An in-built Creative Drive
Change that requires adaptation is built into many consumer and technology supply chains, such as fast fashion. These fast-moving supply chains search ceaselessly for differentiation that can spur demand for any new product or service. People, not machines, are part of a cultural milieu that stimulates creativity. Also, humans understand the vagaries of everyday life, and this hands-on experience creates possibilities for new products and services.
Empathy and Communication
While a growing number of AI applications are used in health care, computers cannot show the empathy required of a nurse while treating a patient. Likewise, a machine cannot replace the smile of a service worker, such as a cashier in a local supermarket. Similarly, few contract negotiations can be completed without both sides understanding each other, developing rapport, and appreciating each other’s points of view.

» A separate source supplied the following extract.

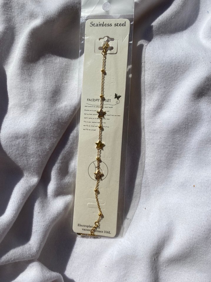 Zincir detaylı, işlemeli yıldız desenli altın renk kadın bileklik. Paslanmaz çelikten, parlak yüzeyli, günlük kullanım için uygun.

Even though algorithms that mimic these qualities are becoming increasingly sophisticated, it isn’t easy to imagine absolute acceptance of machine-generated, simulated emotions and empathy.
Nuanced Risk Management
While rules can be programmed based on different contexts, the most appropriate choice in a situation that requires a company to select a way forward may differ from the one suggested by the rules. For example, if the company suspects that a recession is on the horizon, it may prefer the safer, rather than the high-risk, course of action. Humans are used to taking such nuances into account when making decisions.
Time to Look to the Future?
Today’s management teams and labor representatives can be forgiven for focusing on resolving current issues and avoiding highly damaging industrial actions. However, as automation continues to make inroads into the workplace, at some point, these parties must address how the future workplace will harness human flexibility.
Dr. Yossi Sheffi is a professor at the Massachusetts Institute of Technology, where he serves as Director of the Center for Transportation & Logistics.